Interpretation of data can be tricky though. For example in Nice fewer people user only their car to go to work, but this not really because they use more public transportation than in Toulouse, this is essentially because more people go to work by walking only (9.6% of people in the Nice metropolitan area go to work by walking only vs. 5.2% in the Toulouse metropolitan area). Now don't ask me why people in Nice walk so much, I have no clue!


Minato ku said:


> These data are from 1999 the use of car in many urban area declined since, due at the increase and improving of public transportation system (I could also add the increase of the gas price  ).


I don't think it declined in Toulouse though. Suburbanization around Toulouse has increased a lot since 1999, so car use should have increased too despite the opening of the 2nd subway line.


----------



## xylene (Jan 14, 2007)

From these pics it's as though France is just endless expanse of suburbia, shopping centers, and tract houses. I must be in a place with much more character and charm, such as Houston or Las Vegas.


----------



## Ribarca (Jan 28, 2005)

It does seem rather "copy paste". No need for an architect as all houses are the same.


----------



## MexiQuebecois (Sep 22, 2008)

One thing that I found very interesting is that many houses are not directly facing the street, hence in like a diagonal position, to me it looks pretty cool giving the city it's own "unique" kinda look


----------



## cristof (Feb 8, 2006)

amazing.... yeah it looks so Vegas Style...
i think it's unique in Europe. i've heard the population of Toulouse grows very quick ... i can imagine why now  i'd love to live there my frenchy dream


----------



## Minato ku (Aug 9, 2005)

As I said earlier, what is interresting is how it contrasts with the inner city.

Typicallly southwestern european look, Toulouse is called la ville rose (pink city)









The suburbs









The last metro station of the line A, next to a hypermarket.


----------



## xiote (Apr 25, 2009)

EDIT:


----------



## cristof (Feb 8, 2006)

it is like the east Parisian though


----------



## brisavoine (Mar 19, 2006)

Minato ku said:


> These data are from 1999 the use of car in many urban area declined since, due at the increase and improving of public transportation system (I could also add the increase of the gas price  ).


According to the latest data published by the French statistical office, at the 2006 census the number of people whose main mean of transportation to work was their car (note that this is not exactly comparable with the 1999 census, where the figures I gave refered to the people who used only their car to go to work) was:
- Paris metropolitan area: 44.5%
- Lyon metropolitan area: 67.2%
- Strasbourg metropolitan area: 67.3%
- Nice metropolitan area: 68.1%
- Marseille metropolitan area: 70.1%
- Lille metropolitan area: 71.6%
- Montpellier metropolitan area: 73.5%
- Nantes metropolitan area: 73.6%
- Bordeaux metropolitan area: 75.6%
- Toulouse metropolitan area: 76.1%


----------



## urba31 (Jan 21, 2007)

sorry error


----------



## NorthWesternGuy (Aug 25, 2005)

Toulouse looks nice.
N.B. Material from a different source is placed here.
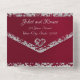 Este diseño romántico presenta un fondo burdeos con bordes purpurinas, un delicado corazón plateado de desplazamiento, guión en fuentes elegantes. Perfecto para la boda sencilla a la más elegante. También disponible con diferentes fondos de color para los colores de los temas bodas. (El Purpurina se simula en la obra de arte). Diseñado para coordinar con la colección "Romantic Scroll Hearts & Purpurina Boda". Para cambiar detalles, haga clic en "Personalizar". Para mover el texto o cambiar el tamaño del texto, el tipo de letra o el color, haga clic en "Haga clic en el personalizar"

I thought the pictures were of a city located in Southern California:lol:


----------



## goschio (Dec 2, 2002)

Looks typical Mediterranean IMO. Similar suburbs are found all over Spain.


----------



## Mekky II (Oct 29, 2003)

On ground level, it looks indeed very different :




























some look definitely neo-classical, what americans are crazy to have around las vegas 



















Commonly seen houses










But overall, i would say toulouse suburbs are mix of different architecture, basque, landaise, creutoise, it's not an homogeneous sprawl... and since a lot of parisians are coming, you can even see ile de france style villas... :nuts:


----------



## SnowMan (Dec 2, 2003)

Very American


----------



## brisavoine (Mar 19, 2006)

Some more views of the Toulouse suburbs and exurbs. Or more precisely, the fringes where the outer suburbs mix with the scenic countryside around Toulouse.

Toulouse sits in a very empty corner of Europe, density 200 km around Toulouse is very low for Western Europe, almost comparable to the population density in the US Midwest, so there is no large city or urban area stopping the spread of the metropolitan area. In northern Europe, people couldn't move too far from the center of their cities in search of cheap housing, because they would soon run into the next city or urban area, where housing prices would be high again, whereas in Toulouse people can go as far from the city center as they want, the further they go the cheaper housing gets. The next big city is 250 km away, so there is room. This explains why several rings of suburbs have developped over time, with the 3rd ring now 30 km (20 miles) from the city center, and many people moving still further into the very scenic countryside surrounding Toulouse on all sides, a countryside dotted with Romanesque churches, vineyards, forests, and beautiful pre-19th century farms. More and more people choose to live there despite the long commutes, especially the newcomers from crowded northern Europe who come to work for Airbus and the other high-tech industries. They very much enjoy the luxury of living amidst vast empty spaces.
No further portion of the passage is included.